CLASS B COMMON STOCK PROXY
SOLICITED ON BEHALF OF THE BOARD OF DIRECTORS
FOR THE 2005 MEETING OF SHAREHOLDERS
SEPTEMBER 20, 2005
The undersigned hereby appoints Philp H. Knight, William D. Perez and Douglas G. Houser, and each
of them, proxies with full power of substitution, to vote, as designated on the reverse side, on
behalf of the undersigned all shares of Class B Common Stock which the undersigned may be entitled
to vote at the Annual Meeting of Shareholders of NIKE, Inc. on September 20, 2005, and any
adjournments thereof, with all powers that the undersigned, would possess if personally present.

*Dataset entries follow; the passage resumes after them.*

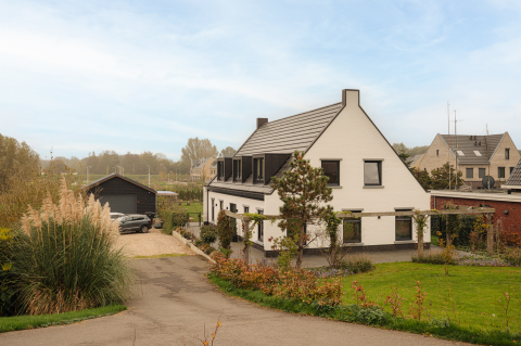 The home features five bedrooms, including a multifunctional room on the ground floor that’s ideal as an office or practice space. The split-level layout between the living room and kitchen creates a playful and light-filled atmosphere. In addition, the property boasts an A+ energy label, two bathrooms, a storage room, and two private indoor parking spaces with direct access to the home.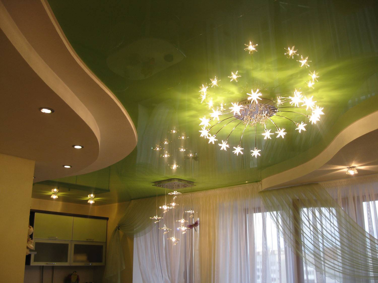 Пленка для натяжного потолка может быть глянцевой, матовой и сатиновой — она не имеет таких отражающих свойств, как первая, но обладает привлекательным легким блеском. Глянцевая поверхность подходит для зрительного увеличения пространства, причем в таком случае подойдут даже темные оттенки. Матовый потолок имеет обратный эффект — он не создает ощущения продолжения пространства, а, напротив, четко ограничивает его. Сатиновый блеск — компромисс для помещений, в которых нет необходимости ни “поднимать”, ни “занижать” потолок. При выборе материала для многоуровневого или двухцветного потолка в кухне, совмещенной с гостиной, не стоит выбирать разные фактуры, это может создать эффект небрежного интерьера.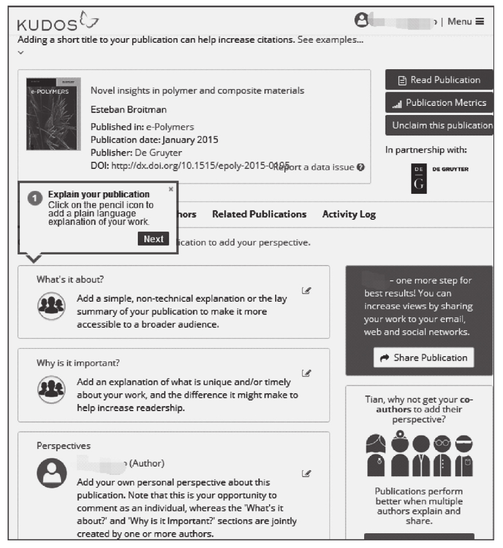 Kudos是一家致力于提高科研成果学术影响力的平台。作者通过免费注册使用kudos平台,对已发表的文章进行描述充实后,将生成的链接分享到社交媒体(Twitter、Facebook、LinkedIn)或者以邮件形式分享给其他研究人员,以扩大科研成果的学术影响力,同时可跟踪文章在各社交媒体的反馈情况。据Kudos提供的数据,作者通过Kudos平台对文章进行分享传播后,文章的下载量平均可提高23%。2014年成立至今,Kudos已有超过20万作者注册使用,与美国科学促进会、Taylor&Francis,Wiley等75家知名出版商建立了合作。2016年3月,清华大学出版社期刊中心与Kudos达成合作。

A
majority of the proxies or substitutes present at the meeting may exercise all powers granted
hereby.
THE SHARES REPRESENTED BY THIS PROXY WILL BE VOTED AS SPECIFIED, BUT IF NO SPECIFICATION IS MADE,
THIS PROXY WILL BE VOTED FOR THE ELECTION OF THE NOMINEES FOR DIRECTOR, AND FOR PROPOSALS 2, 3, 4
and 5. THE PROXIES MAY VOTE IN THEIR DISCRETION AS TO OTHER MATTERS WHICH MAY COME BEFORE THE
MEETING.
YOU ARE ENCOURAGED TO SPECIFY YOUR CHOICES BY MARKING THE APPROPRIATE BOXES, BUT YOU NEED NOT MARK
ANY BOXES IF YOU WISH TO VOTE IN ACCORDANCE WITH THE BOARD OF DIRECTORS RECOMMENDATIONS. THE
PROXIES CANNOT VOTE THESE SHARES UNLESS YOU SIGN AND RETURN THIS CARD OR PROPERLY VOTE BY PHONE OR
INTERNET.
Address Change/Comments:
If you noted address changes or comments above, please mark the corresponding box on the reverse side.